Em entrevista ao Times Brasil — Licenciado Exclusivo CNBC, nesta segunda-feira (28), Marcio Sette Fortes, professor de negócios internacionais do Ibmec, comentou sobre o impacto da parceria.
Segundo Fortes, a aproximação dos Estados Unidos com a Índia busca contrabalancear o peso crescente da China no mercado internacional.
“Essa é uma estratégia que vai além do comércio: trata-se também de uma movimentação geopolítica voltada para defesa e segurança internacional”, explicou.
Ele acrescentou que o objetivo é promover um reequilíbrio de forças no Oriente, estabelecendo a Índia como um parceiro estratégico cada vez mais próximo, inclusive no âmbito militar, através da iniciativa do grupo Quad, formado por Japão, Austrália, Estados Unidos e Índia.
“Essa aproximação é positiva para inúmeros setores da economia”, destacou.

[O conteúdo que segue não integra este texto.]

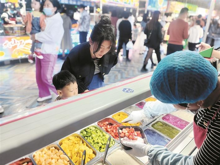 5月23日,市民在十三师新星市天街夜市选购美食。今年,十三师新星市着力优化营商环境,多措并举营造放心安全的消费环境,大力发展“夜经济”,让人气“聚”起来、消费“火”起来。刘琼珂 张国锋 摄

Fortes apontou ainda as características que tornam a Índia uma escolha estratégica para os EUA. De acordo com ele, o país asiático não apenas serve para equilibrar a influência chinesa no Extremo Oriente, como também apresenta um mercado consumidor vasto e diversas oportunidades econômicas.
“Existem grandes perspectivas para o mercado americano, especialmente nas áreas de defesa e segurança”, disse.

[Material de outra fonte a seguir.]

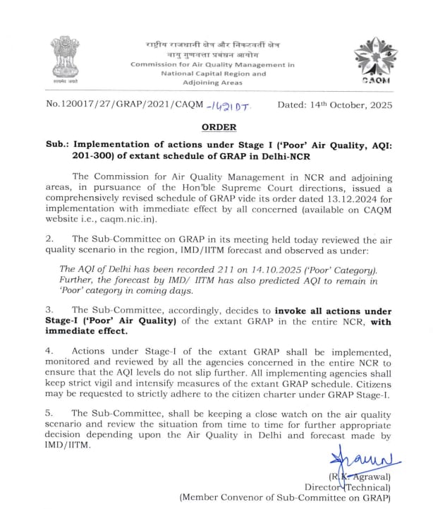 New Delhi News (14 October 2025): दिल्ली-एनसीआर में बढ़ते प्रदूषण स्तर को देखते हुए कमीशन फॉर एयर क्वालिटी मैनेजमेंट (CAQM) ने ग्रैप (Graded Response Action Plan) के पहले चरण (Stage-I) को तत्काल प्रभाव से लागू करने का आदेश जारी किया है। 14 अक्टूबर 2025 को जारी आदेश के अनुसार दिल्ली का एयर क्वालिटी इंडेक्स (AQI) 211 दर्ज किया गया, जो ‘Poor Category’ में आता है। आयोग ने कहा कि मौसम विभाग के अनुमान के अनुसार आने वाले दिनों में वायु गुणवत्ता और खराब हो सकती है, इसलिए प्रदूषण नियंत्रण के लिए प्रारंभिक कदम उठाए जा रहे हैं।

Ele mencionou que há interesse dos norte-americanos em parcerias para a construção de veículos militares, além da possibilidade de vendas de caças F-35 ao mercado indiano.
“Além disso, há uma movimentação para reorientar cadeias produtivas de grandes empresas, como a Apple, para a Índia”, complementou.
Sobre a possibilidade de tensões internas no grupo Quad, caso a Índia se beneficie desproporcionalmente da parceria com os EUA, Fortes lembrou que situações semelhantes já ocorreram em outros blocos econômicos.
“Esse tipo de problema foi recorrente, por exemplo, no âmbito do Mercosul, onde acordos bilaterais muitas vezes foram limitados pelas regras do bloco. Ainda assim, as vantagens de permanecer no Mercosul superaram essas limitações”, analisou.
Segundo ele, no contexto do Quad, os países também deverão ponderar cuidadosamente seus ganhos e vantagens antes de qualquer ruptura.
“A tendência é pesar na balança o que será mais interessante em termos de benefícios concretos”, concluiu.